Of these changes, mutations in the SWI/SNF gene cohort were a consistent culprit with regards to cells turning malignant, which could point to a possible biomarker.
According to Shain, “The field has a tendency to oversimplify how cancers evolve, as if there were just a switch that gets flipped on. Now we see that this pathway is turned on just a little early on, then ramped up over the course of tumor evolution. We think this may allow cancers to avoid cellular alarm bells until enough genetic changes have accumulated that the alarms no longer function.”
The second study, “Bi-allelic Loss of CDKN2A Initiates Melanoma Invasion via BRN2 Activation,” was led by Dr. Robert Judson, a UCSF melanoma geneticist. In this work, CRISPR/Cas9 was used to recreate melanoma's evolution by inserting the sequence of mutations noted in the first study into healthy human skin cells, per Weiller's press release.

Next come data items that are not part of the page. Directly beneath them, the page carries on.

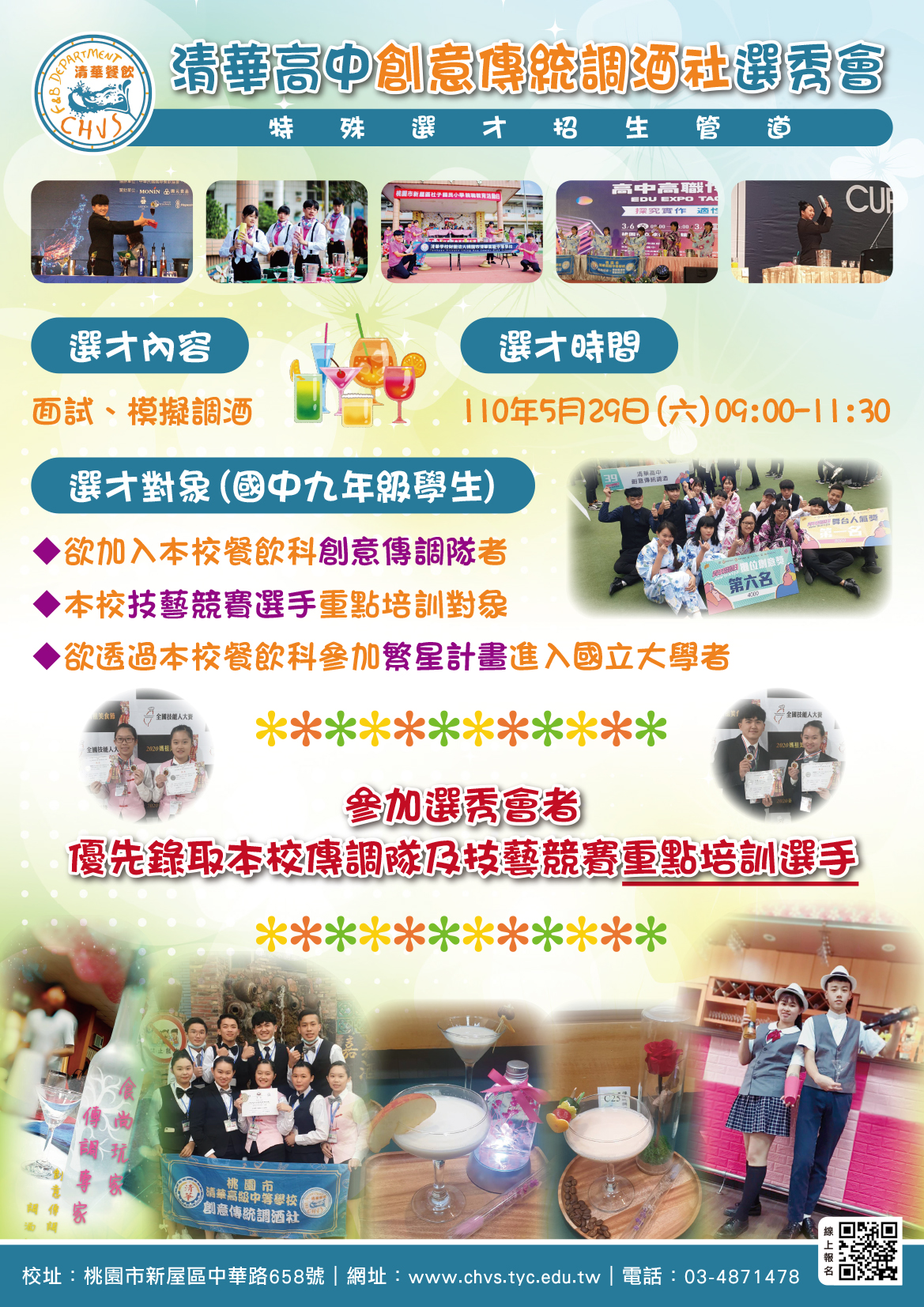二、檢送本校「餐飲科創意傳統調酒社選秀會文宣(如附件)」,請貴校協助公告並鼓勵國中九年級學生踴躍報 名。
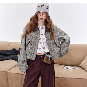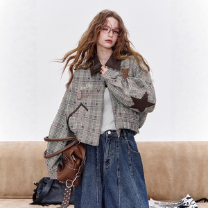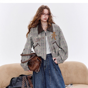 妖精的 爱心格纹PU皮翻领拼接外套女2025年早秋新款设计感夹克
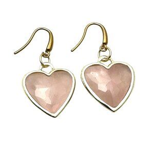Womens Rose Quartz Gemstone Pink Heart Gold Plated Earrings Pierced Chandelier

While it had been known that losing the CDKN2A tumor suppressor often results in the spread of melanoma, the authors noted in their abstract, the exact mechanism of action behind this had not been identified. As per the authors, with the edited skin cells, “[W]e discovered that a lineage-restricted transcription factor, BRN2, is downstream of CDKN2A and directly regulated by E2F1. In a cohort of melanocytic tumors that capture distinct progression stages, we observed that CDKN2A loss coincides with both the onset of invasive behavior and increased BRN2 expression. Loss of the CDKN2A protein product p16INK4A permitted metastatic dissemination of human melanoma lines in mice, a phenotype rescued by inhibition of BRN2. These results demonstrate a mechanism by which CDKN2A suppresses the initiation of melanoma invasion through inhibition of BRN2.”
“Previous studies have typically used cell lines derived from advanced-stage cancers, where there is so much going wrong at the genetic level that it’s hard to know what’s causing what,” Judson commented in a press release. “Here we’re looking at otherwise healthy skin cells with specific mutations engineered in. It’s much clearer what each mutation does.”